It’s not the first time a player has made such a claim about his team. That's why I’m not just looking at a single quote, but at the body of work backing it up. If Sabathia feels a strong enough connection to Cleveland to realize he’d be winning a ring not just for himself, but for an entire city and beyond, maybe he will choose to stay. Sabathia’s attitude seems to indicate he is dedicated to this team for the long term (at least in spiritual, if not monetary terms) and a playoff berth will likely move him a big step forward in coming to terms on a contract extension.

Fun Fact:

Victor Martinez is 3rd in the American League with a 30% caught stealing percentage in 2007. This is more than just a minor improvement over his 15% caught stealing in 2006, it’s a complete overhaul. While Victor was supposedly battling a sore shoulder and injured toe in 2006, it’s been well advertised that Vic has been working overtime to fix his defensive mechanics. It looks like Victor’s efforts on his footwork and throwing have finally paid off.

Thursday, September 6, 2007

Speed Bump

Cleveland couldn't keep up with Anaheim's bats tonight, losing 10-3 to Cali's version of Carmona. Escobar continued his breakout season against the Tribe on Thursday, holding them to 3 runs and getting plenty of support from his offense.

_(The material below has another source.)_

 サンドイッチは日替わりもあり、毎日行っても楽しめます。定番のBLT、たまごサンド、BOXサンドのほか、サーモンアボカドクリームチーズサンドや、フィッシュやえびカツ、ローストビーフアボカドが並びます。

Tribe batters had mixed success against Escobar, but fell short of posting a break-out inning. Escobar needed 109 pitches to go just 5.2 innings, but managed to strike out 8 Indians along the way.

Tonight was the first time I've seen Escobar pitch live this year, but I can see why he's been so successful. The dude didn't blink all night; he just kept getting out of jams. In the 3rd inning, he gave up two straight doubles and a run, but turned around to K Grady swinging. Then he walked Gutz and Hafner to load the bases, but got Victor swinging to finally end the inning.

The Tribe was kept off balance most of the night as Escobar made good use of his changeup to fool batters. I hardly ever provide glowing commentary for the opposing pitcher, but I was genuinely impressed with Escobar tonight; he's a pitcher to be reckoned with down the road.

After tossing a complete game shut-out in Chicago in his last start, Byrd just didn't have it tonight. The wheels came off pretty abruptly for the Cobra in the 5th. Byrd gave up 4 runs on 4 hits, a walk, and a beanball as Anaheim took the lead for good. In a nutshell, Paul hung a lot of balls, struggled with his control, and definitely looked a little gassed (despite being at only 82 pitches).

This normally doesn't happen until the 6th or 7th inning for him, but it's very possible his complete game last week caught up to him tonight. Hopefully this was just a rare off-night for the Cobra.

I'm always excited when the Tribe is playing, but I don't think I've been this pumped for a series since the last time we played the Motor City Kitties in mid-August. Anaheim is the first series against a playoff contender the Tribe has played since then. It will be interesting to see how Cleveland's hot streak translates against an elite team. Personally, I'd be satisfied with a split, given the lopsided pitching match ups of the first two games (Byrd vs. Escobar, Westbrook vs. Lackey).

There were some positive things from Game 1:

Barfield started at 2b, going 1-3 at the plate. Josh did a good job of moving a runner over to third to set up a possible sac-fly in the 3rd inning; no small task since he has struggled to even make contact at times.

Gutz continued to be awesome, hitting his 11th tater of the season (the Pope wrote back by the way, apparently Frankie isn't eligible for sainthood yet).

Peralta's play in the 4th inning was very Omar-esque. He took a couple steps to his left, dove towards the streaking ball, gloved it, and finished the play from his stomach with a toss toBarfield. Not the most significant play of the game, but probably the coolest.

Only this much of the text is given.